I went online to see what one wears to this event and learned that "costumes or tacky clothing" was the suggested attire. For those still at sea, there were helpful photos of participants at past Cotillions. Colored wigs, feather boas, and funny hats seemed common choices. Big Man had it easy -- the band members were to dress in black -- big deal. I was the one with decisions to make. My selections were complicated by the fact that the benefit featured all you could eat food from some premier New Orleans restaurants, so I didn't want to put on anything too binding. Eventually, I settled on kind of a Pirate Queen thing with a mask but no wig or hat.

I always enjoy going to Mardi Gras World, seeing up close and at rest the fancy floats and figures that usually go by too quickly at Carnival. But most of the time I'm there for MOMs, which is a completely different milieu than the Cochon Cotillion (enough said about that!). Inside the main room, different tables were up around the periphery, each table representing a different restaurant or caterer, with selections like shrimp remoulade, Cajun pasta, alligator burgers, Creole Country Store sausages, spinach salad with pecans, potatoes au gratin, fruit salad, even pizza and hot dogs (I didn't waste calories on that, believe you me!)

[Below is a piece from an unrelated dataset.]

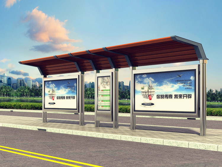 公交車候車亭一般是與公交站牌相配套的,為方便公交乘客候車時遮陽、防雨等,在車站、道路兩旁或綠化帶的港灣式公交停靠站上建設(shè)的交通設(shè)施。由于城市公交的日益發(fā)達,候車亭已發(fā)展成為城市一個不可或缺的重要組成部分,設(shè)計精美的候車亭也成為了城市一道美麗的風景。 一般候車亭棚體主要頂棚、立柱、頂弓、廣告燈箱和坐凳組成,也有用隔板來代替廣告燈箱的。
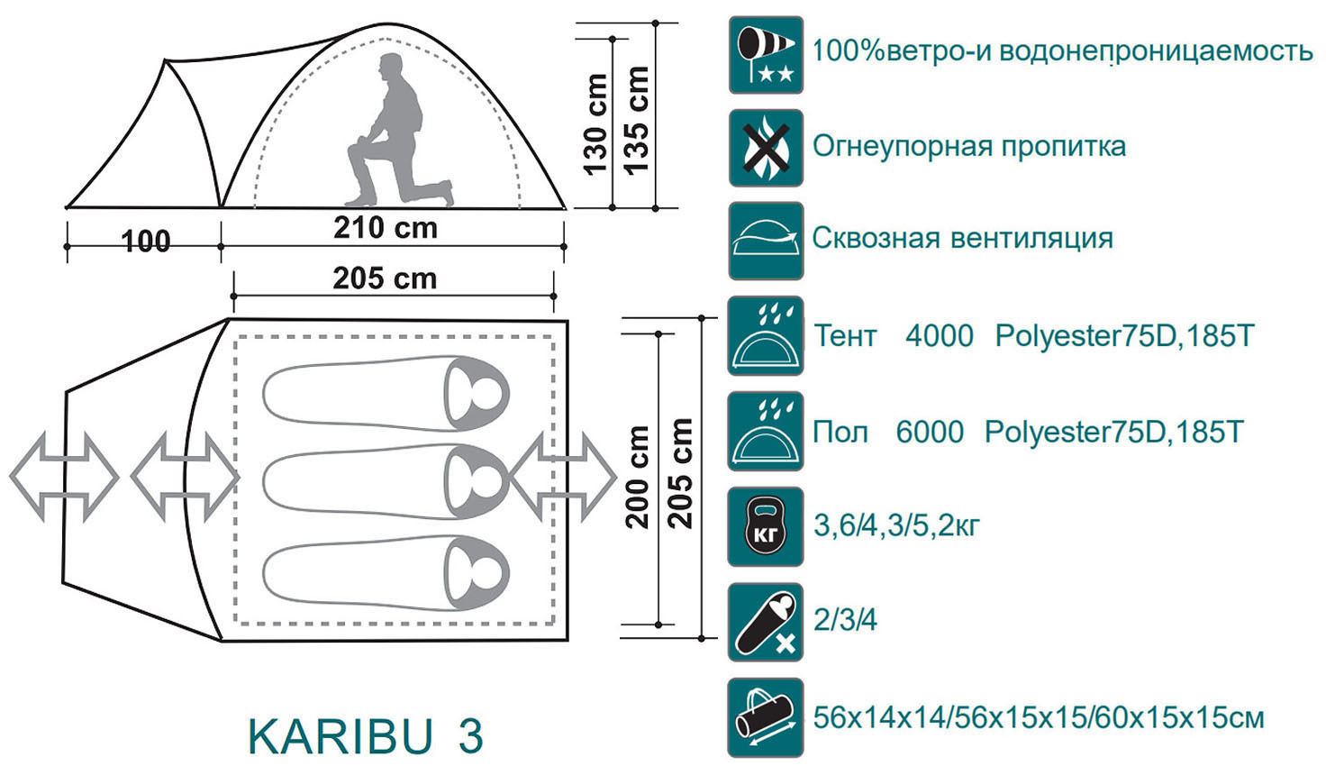 Серия Canadian Camper KARIBU — это классические туристические палатки с тамбуром на 2, 3 и 4 человека. Продуманная конструкция и компактные размеры в сложенном виде делают их удобными как для кемпинга, так и для походов. Главная особенность моделей — увеличенный тамбур за счёт дополнительной П-образной дуги, где легко разместить вещи и комфортно заходить внутрь. Палатки оснащены двумя входами, окнами с противомоскитными сетками и вентиляционными отверстиями — это обеспечивает хороший приток воздуха и защиту от насекомых. Ветрозащитная юбка по периметру повышает устойчивость к непогоде, а тент из водонепроницаемой ткани с огнеупорной пропиткой и проклеенными швами надёжно защищает от дождя.ХарактеристикиТип

For dessert, there were several varieties of bread pudding, cupcakes, and an unbelievable array of jewel-like tiny pastries by a new pastry chef Uptown, a young woman who looked Philippine-American. They were AMAZING! I had to physically restrain myself from just hanging out there and eating like a, well, like a little cochon.

One thing that might seem strange (MIGHT??) was that this was an open-bar event. I mean, only in New Orleans, right? would there be a benefit for an institution promoting sobriety where there'd be so much drinking. It was weird enough, even for us, that two of the emcees mentioned it from the stage. ("Where else but New Orleans could you get this drunk in the name of staying sober?")

A prominent feature of the Cotillion is the annual parade, leading of course to its other nickname, Pork & Beads. There's a king and queen and court, there's an actual high school marching band, and lots of bead throwing, even dubloons (but these were actually chocolate coins from the Magazine Street chocolate shop, Blue Frog. Yum!) I couldn't get myself interested in more beads -- which I'd only have to drop off at Sophie Gumbel anyway -- but I did enjoy watching the parade and seeing the costumes people came up with. (Lots of pig themes, natch, and lots of references to current events.)

Then I saw someone I thought I knew, and in a flash I realized I only thought I knew him because his famous face was so familiar. It was James Carville, and then I saw his wife Mary Matalin as well. Wow! I wanted to run up to them and say, "Y'all helped inspire my marriage!" because Big Man is a Republican and I'm a congenital Democrat. When we'd get into verbal scuffles over politics when we were dating, we'd say, "I wonder how Carville and Matalin handle this?" and we eventually figured out that they probably decide not to keep on talking when they have an impasse. (We don't know that for sure, we just made it up. But it does work for us.) I didn't interrupt the parade to tell that, and later I couldn't find them. Oh well. Next time I run into them in this small town, I'll tell them.

Since Big Man and I had to arrive before the Patron Party at 7 pm, and I was so sun-struck from the Riverfest earlier in the day, I conked out pretty early and retreated to the van until Big Man was free to leave. Next year, I'll devise an even more comfortable costume, and maybe invite a sister or a friend to go with me so I'd have somebody to talk to while Big Man is on stage.

But it's a terrific good time in a great cause -- not to mention the irony!